You now cover printk() and all that that can call with a RCU lock.. is
this a good thing?
Paul E. McKenney Sept. 6, 2012, 9:01 p.m. | #4
On Thu, Sep 06, 2012 at 04:51:18PM +0200, Peter Zijlstra wrote:
> On Thu, 2012-08-30 at 11:56 -0700, Paul E. McKenney wrote:
> > From: "Paul E. McKenney" <paulmck@linux.vnet.ibm.com>
> > 
> > The print_other_cpu_stall() function accesses a number of rcu_node
> > fields without protection from the ->lock.  In theory, this is not
> > a problem because the fields accessed are all integers, but in
> > practice the compiler can get nasty.  Therefore, the commit extends
> > the existing critical section to cover the entire loop body.
> > 
> > Signed-off-by: Paul E. McKenney <paulmck@linux.vnet.ibm.com>
> > ---
> >  kernel/rcutree.c |    6 ++++--
> >  1 files changed, 4 insertions(+), 2 deletions(-)
> > 
> > diff --git a/kernel/rcutree.c b/kernel/rcutree.c
> > index 9f44749..fbe43b0 100644
> > --- a/kernel/rcutree.c
> > +++ b/kernel/rcutree.c
> > @@ -746,14 +746,16 @@ static void print_other_cpu_stall(struct rcu_state *rsp)

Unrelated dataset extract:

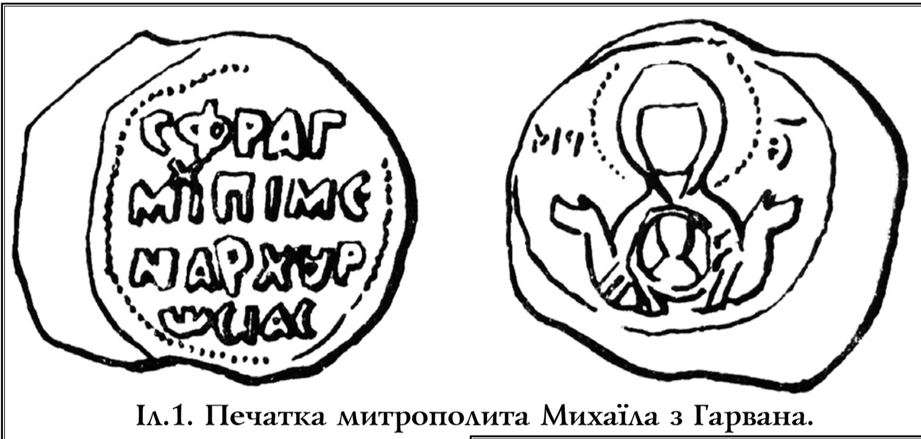
Іл. 1. Печатка митрополита Михаїла з Гарвана.

Даний сфрагіс вважався єдиним екземпляром владики Михаїла. Інтригуючою обставиною залишалось місце знахідки — Румунія. Не заперечуючи атрибуції В. Яніна, лише наголосимо, що окрім відомого з руських джерел митрополита Михаїла, існують згадки ще про двох митрополитів Михаїлів, існування яких залишається до цього часу дискусійним. Один з них — це перший київський митрополит св. Михаїл (988–991 рр.), мощі якого нині покояться в Києво-Печерській Лаврі. Традиція називати Михаїла першим головою нашої церкви закріпилась лише в XVI ст. на підставах тексту «Володимирового Устава» XII–XIII ст. Третій київський митрополит Михаїл згаданий у синодальній постанові Константинопольського патріарха від 24 березня 1171 р., про принесення присяги імператору Мануїлу I Комніну та його сину Олексію II, де серед двадцяти чотирьох митрополитів дванадцятим названо «Михаїла Руського».

> >  	rcu_for_each_leaf_node(rsp, rnp) {
> >  		raw_spin_lock_irqsave(&rnp->lock, flags);
> >  		ndetected += rcu_print_task_stall(rnp);
> > -		raw_spin_unlock_irqrestore(&rnp->lock, flags);
> > -		if (rnp->qsmask == 0)
> > +		if (rnp->qsmask == 0) {
> > +			raw_spin_unlock_irqrestore(&rnp->lock, flags);
> >  			continue;
> > +		}
> >  		for (cpu = 0; cpu <= rnp->grphi - rnp->grplo; cpu++)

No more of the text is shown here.